TASK DESCRIPTION: Output the line that contains "The MoTech Project" together with each line after it, through the final line of the listing below, word for word; omit pictures.

Top of ENTRIES SUPPLIED

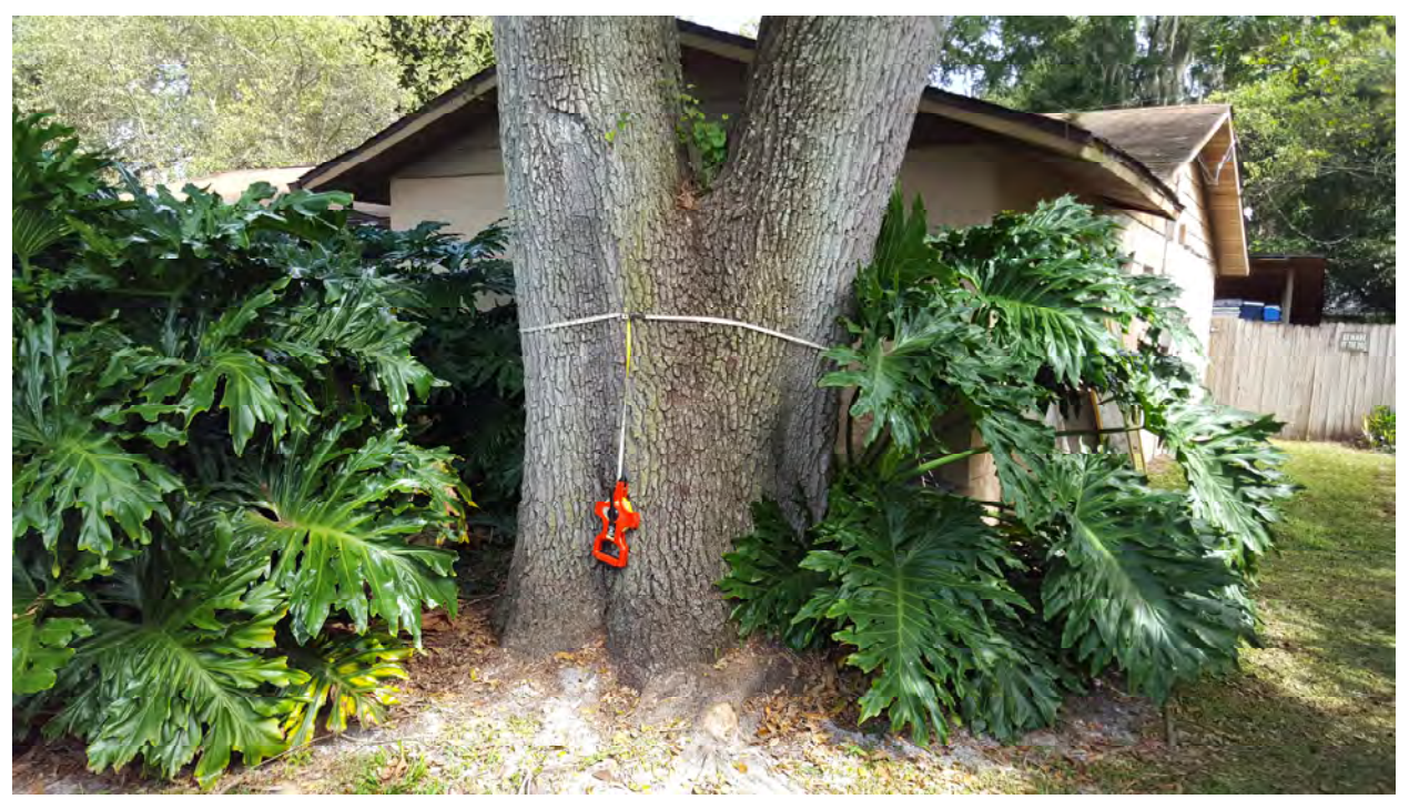
Figure 1: 47.43" DBH Trunk of subject tree showing is bifurcated with bark ridge
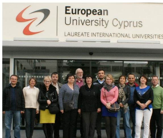
The MoTech Project Consortium in Cyprus (December 2013)

The project partners are educational organisations that come from six different countries from the various parts of Europe.
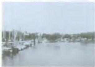
Fishing vessel moorings

Two public slipways are on standby for vessels wishing to carry out repairs, and cradles are available at private yards (max lift 20 tonnes). Details of these facilities can be obtained from the Harbour Office.

Bottom of ENTRIES SUPPLIED

RESULT:
The MoTech Project Consortium in Cyprus (December 2013)

The project partners are educational organisations that come from six different countries from the various parts of Europe.
Fishing vessel moorings

Two public slipways are on standby for vessels wishing to carry out repairs, and cradles are available at private yards (max lift 20 tonnes). Details of these facilities can be obtained from the Harbour Office.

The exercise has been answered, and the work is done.